[Data excerpts]
'''

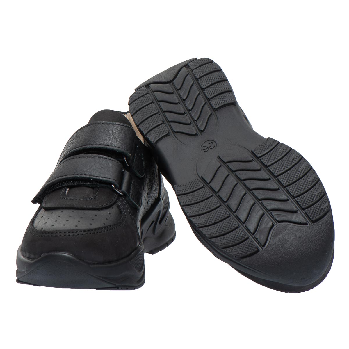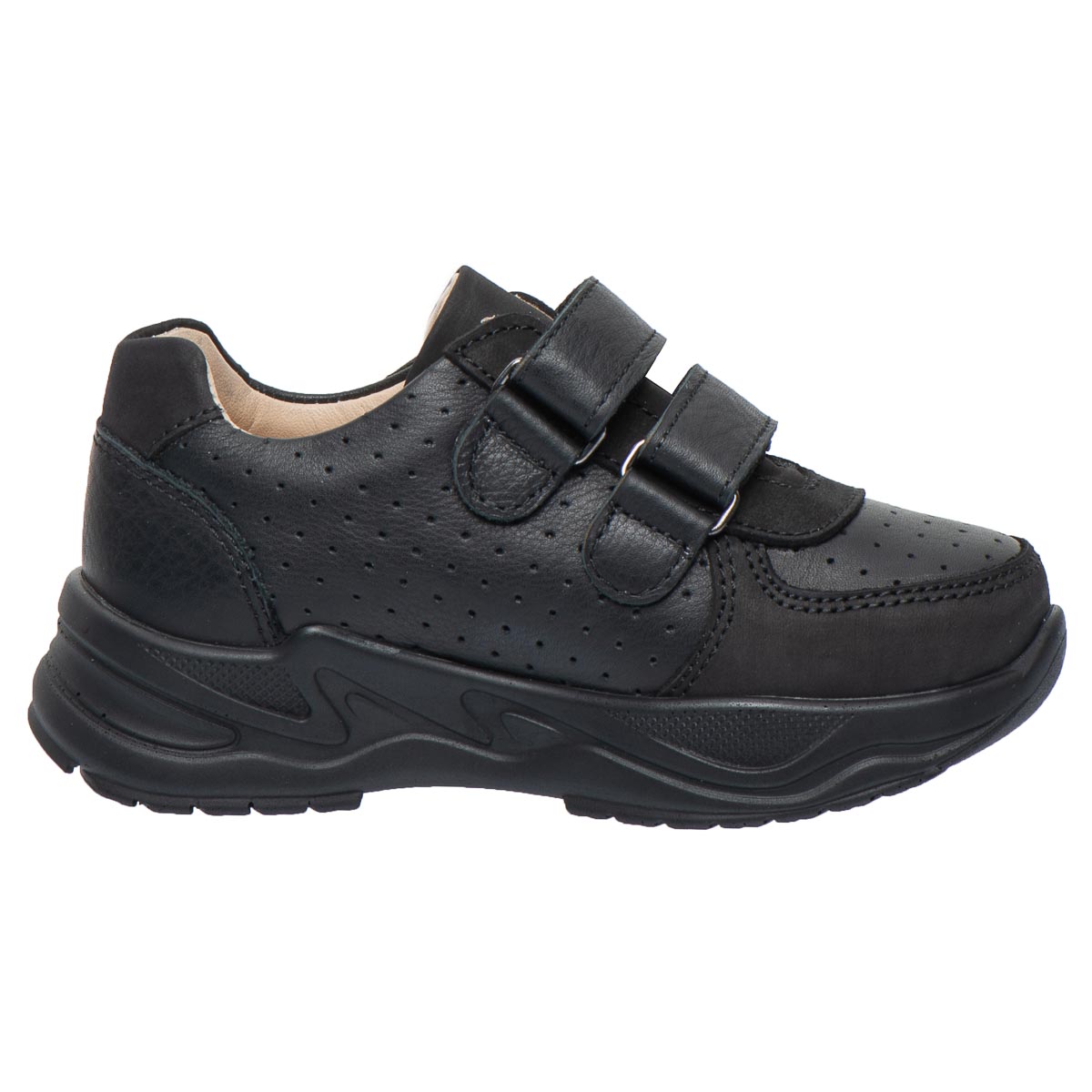 Дитячі кросівки з натурального нубуку та шкіри. Класичний чорний дизайн поєднує стиль і практичність. Завдяки застібкам на липучках взуття легко взувати та знімати, що особливо зручно для дітей. Підошва з термопластичної гуми забезпечує гнучкість і стійкість, а шкіряна підкладка та устілка з анатомічним супінатором - комфорт і правильну підтримку стопи.
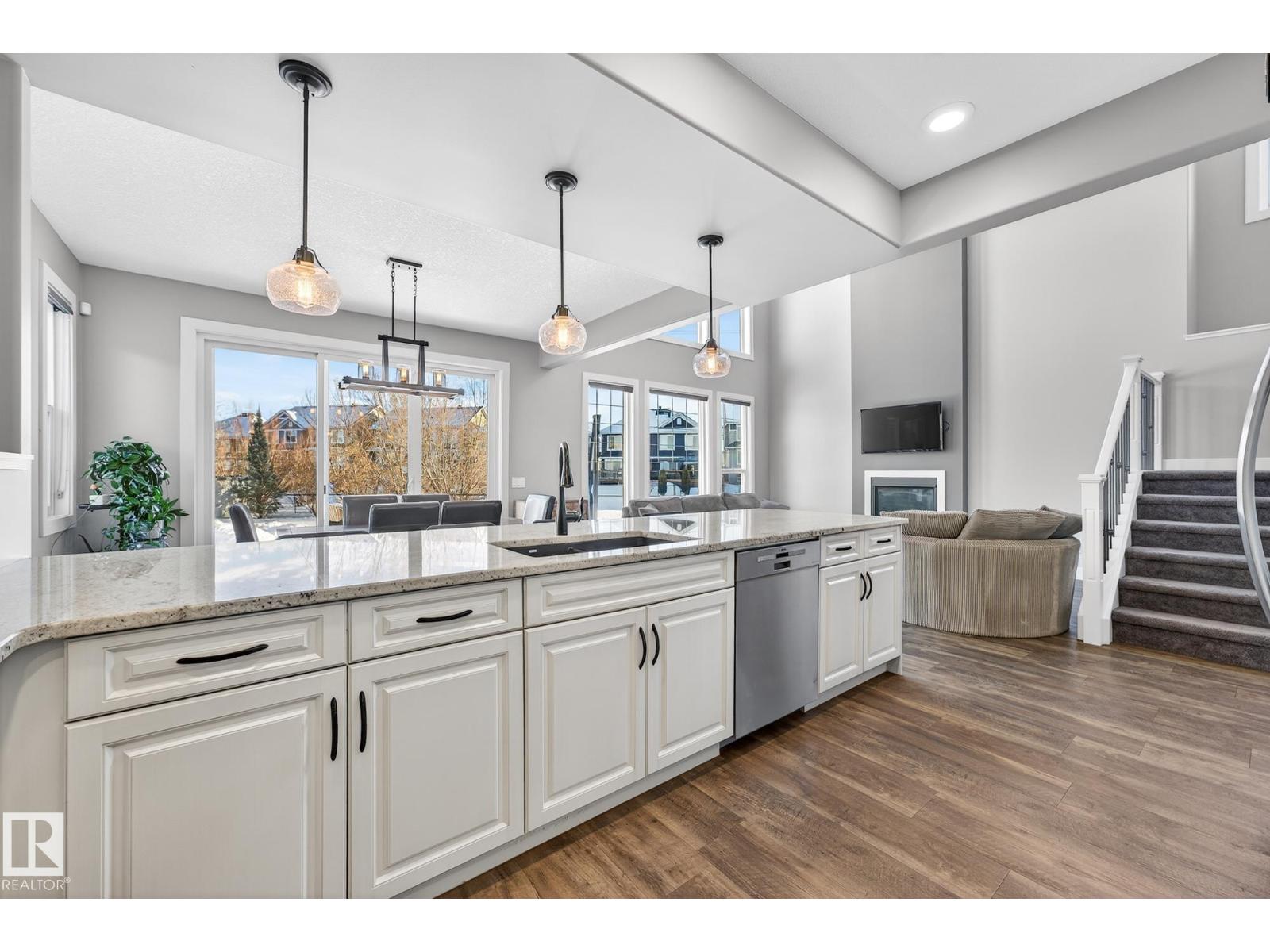 AC, IRRIGATION SYSTEM, TRIPLE TANDEM HEATED GARAGE! WELCOME to this exceptional 5-bedroom, 3.5-bath home in Lake Summerside, offering space, style, & a true lifestyle upgrade. Tucked into a quiet cul-de-sac, this fully finished home features no direct rear neighbours and open views behind, creating a rare sense of privacy and light. The bright, open-concept main floor showcases soaring ceilings, oversized windows, & a chef-inspired kitchen with quartz countertops, ceiling-height cabinetry, and stainless steel appliances. Enjoy seamless indoor-outdoor living with triple patio doors leading to a maintenance-free deck with Gas BBQ hookup, Irrigation System, & Hot Tub. Stay cool with central A/C. Upstairs offers a luxurious primary suite with ensuite and walk-in closet, plus 3 additional bedrooms and laundry. The finished basement adds a Rec Room, 5th bedroom, and full bath. Enjoy exclusive year-round lake access—this is Summerside living at its finest.Make your move! (id:63190)
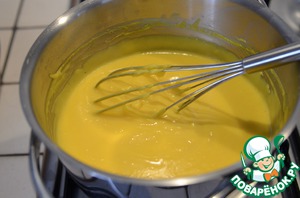 Перемешиваем и ставим на медленный огонь, непрерывно помешивая. С момента закипания варим крем около 5 минут до загустения.
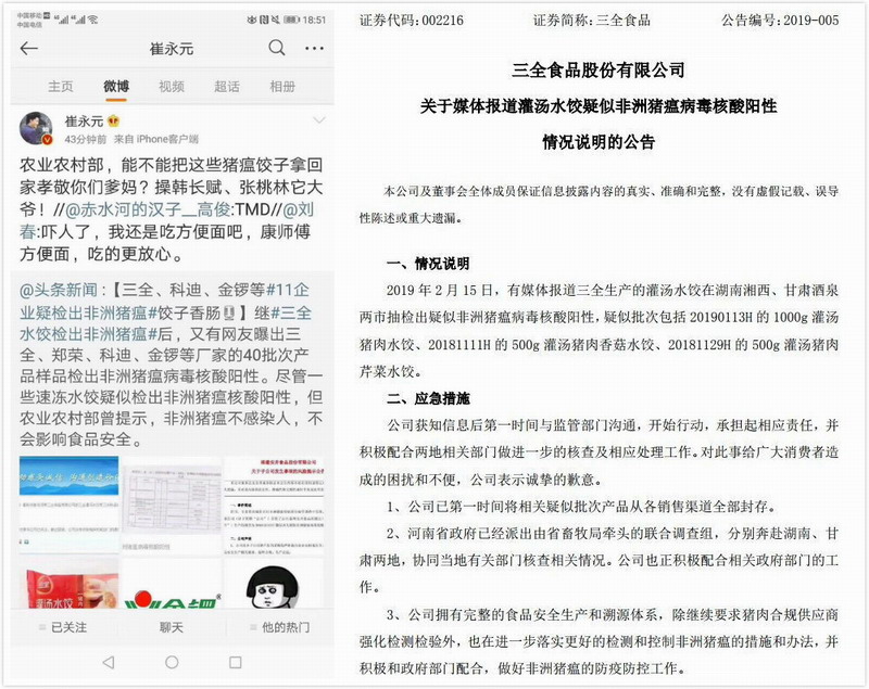 本帖最后由 xlyyj 于 2019-2-18 03:04 编辑 猪瘟病毒事件再度爆发,并牵连到A股上市公司,2019年狂飙的猪肉概念股,要停一停了?刚刚有所起色的食品板块,压力也要来了?2月18日早间,三全食品正式发布公告回应灌 ...
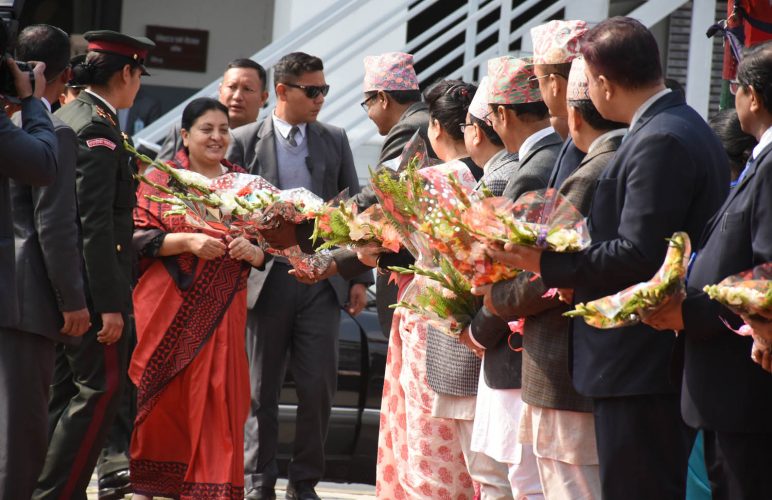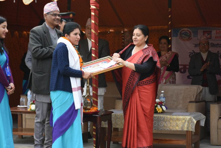 काठमाडौँ, ७ फागुन । राष्ट्रपति विद्यादेवी भण्डारी दोस्रो निर्वाचन दिवसको उपलक्ष्यमा आज आयोजित समारोहमा सरिक हुनुभयो । कान्तिपथस्थित निर्वाचन आयोग परिसरमा आयोजित उक्त समारोहमा राष्ट्रपति भण्डारीले आयोगमा दीर्घसेवा गर्ने कर्मचारीलाई दीर्घसेवा पदक तथा प्रमाणपत्र प्रदान गर्नुभयो ।
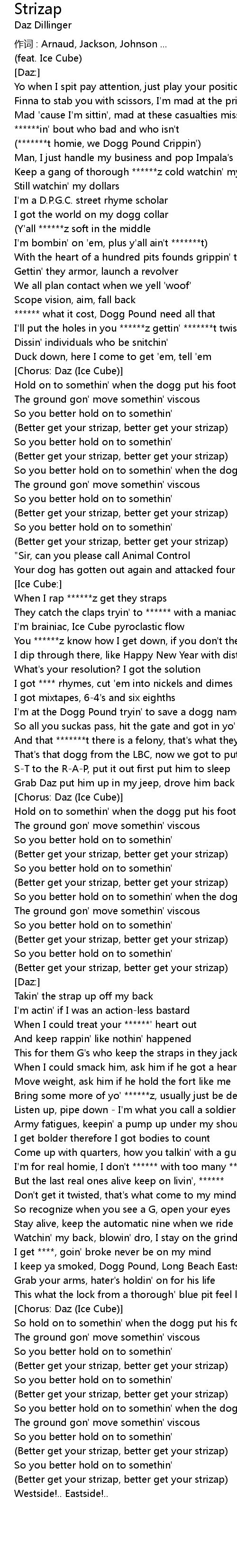 | I'm at the Dogg Pound tryin' to save a dogg named Daz | |
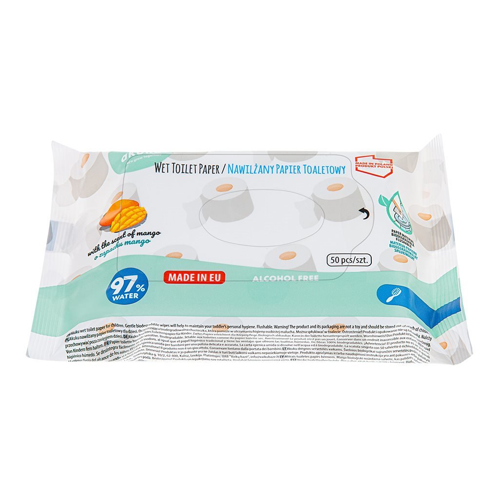 Vlhčený toaletní papír s vůní manga Akuku 97% vody 50ks

'''

◆ **WHAT YOU NEED TO DO**
Would you give again, exactly as written, the lines from the one containing "Перемешиваем и ставим" through the end of the records, with no pictures and no other lines?

◆ **ANSWER BOX**
 Перемешиваем и ставим на медленный огонь, непрерывно помешивая. С момента закипания варим крем около 5 минут до загустения.
 本帖最后由 xlyyj 于 2019-2-18 03:04 编辑 猪瘟病毒事件再度爆发,并牵连到A股上市公司,2019年狂飙的猪肉概念股,要停一停了?刚刚有所起色的食品板块,压力也要来了?2月18日早间,三全食品正式发布公告回应灌 ...
 काठमाडौँ, ७ फागुन । राष्ट्रपति विद्यादेवी भण्डारी दोस्रो निर्वाचन दिवसको उपलक्ष्यमा आज आयोजित समारोहमा सरिक हुनुभयो । कान्तिपथस्थित निर्वाचन आयोग परिसरमा आयोजित उक्त समारोहमा राष्ट्रपति भण्डारीले आयोगमा दीर्घसेवा गर्ने कर्मचारीलाई दीर्घसेवा पदक तथा प्रमाणपत्र प्रदान गर्नुभयो ।
 | I'm at the Dogg Pound tryin' to save a dogg named Daz | |
 Vlhčený toaletní papír s vůní manga Akuku 97% vody 50ks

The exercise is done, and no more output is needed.